Jones v. Edson

The opinion of the court was delivered by

Wells, J.:

On the 25th of January, 1887, the Capital Investment Company was incorporated under the laws of Kansas for the purpose of “the purchase, location and laying out of town sites, and the sale and conveyance of the same in lots and subdivisions, or otherwise; and the accumulation and loan of funds, the erection of buildings, and the purchase and sale of real estate for the benefit of its members.” The defendants in error, Edson & Beck, subscribed for five shares of the capital stock, of the par value of $100 per share, and paid three assessments thereon, amounting to $325, leaving unpaid $175 upon their original subscription. On July 17, 1897, the plaintiff in error *111herein recovered a judgment against said corporation for |10,521 and interest. An execution was issued on said judgment and returned nulla bona. Afterward, on September 4, 1897, an action was begun by plaintiff in error against the defendants'in error to recover the amount of their liability as stockholders to apply on said judgment. A trial was had to a jury, resulting in a verdict and judgment for the defendants. The plaintiff brings the cause here upon a petition in error.

The first question is: When did the plaintiff’s cause of action accrue? Or, to be more specific, when did the corporation suspend its business? It appears from the evidence and the findings of fact that the corporation ceased to carry on the usual and ordinary business for which it was created on or immediately after June 8, 1891; but on September 19, 1894, the president and secretary, under and by the authority of the directors, executed and delivered a deed to D. A. Valentine for a piece of land in which it had some equity, in which it recited that the corporation was at that time doing business in the state of Kansas. It is contended by the plaintiff in error that, as selling land was one of the purposes for which the corporation was formed, it was doing business on September 19, 1894, and that the action did not accrue until after that time. It is also contended that, as the deed of that date contained a recital that the corporation was at that time doing business in Kansas, it and its stockholders are estopped from claiming that it had previously suspended, and also that as the defendants had afterward pretended to sell their stock and cause it to be canceled on the books and a new certificate issued in lieu thereof, they could not now deny its corporate existence and business.

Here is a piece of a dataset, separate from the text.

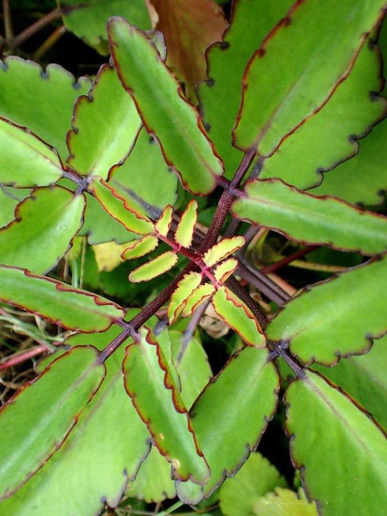 دارای برگهای گوشتی و دندانه دار است که به دلیل شکل خاص برگها و ساقهها به کالانکوئه شش زاویهای معروف است.

*112We do not think either of these contentions is sound. A single corporate act, or an occasional corporate act, does not constitute the carrying on of a corporate business any more than an occasional hiring of a horse to another constitutes one a livery-stable keeper. And more truly a series of acts done in winding up a business cannot be held to be the carrying on of a business. Neither does the recital or recognition of the corporation estop one from asserting that it had so suspended business as to entitle a creditor under the statute to proceed against the individual liability of the stockholder. The object of the statute was to enable a creditor to reach the stockholder before the corporation was legally dissolved, and section 45 of the corporation act (Gen. Stat. 1897, ch. 66; Gen. Stat. 1899, § 1268) does not change the law as to when a corporation is dissolved, except in the proceedings of creditors against stockholders.

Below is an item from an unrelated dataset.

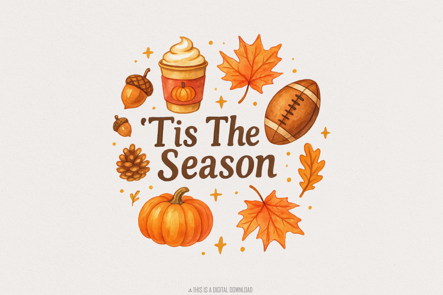 Tis The Season PNG, Fall Football, Pumpkin Football PNG, Sublimation Design, Instant Download, Illustration

The next contention is that the unpaid subscription, amounting in this case to $175, is a contractual liability and not barred by four years’ suspension of business-. It is not necessary to discuss what the rights of the plaintiff would have been if he had instituted proceedings to hold the defendants as debtors of the corporation for the amount of their unpaid subscription. He has elected to proceed againt them upon their statutory liability. He made no distinction as to how that liability was created and the law makes none. The statutory liability of a stockholder was the amount due on his stock and an additional amount equal to the stock owned by him. The law that governs in the collection of one does the same as to the other.

As to the question of dividends unlawfully received by the defendants, there is nothing in the pleadings *113that would have justified an examination of that subject.

We find no error in the record. The judgment .of the district court will be affirmed.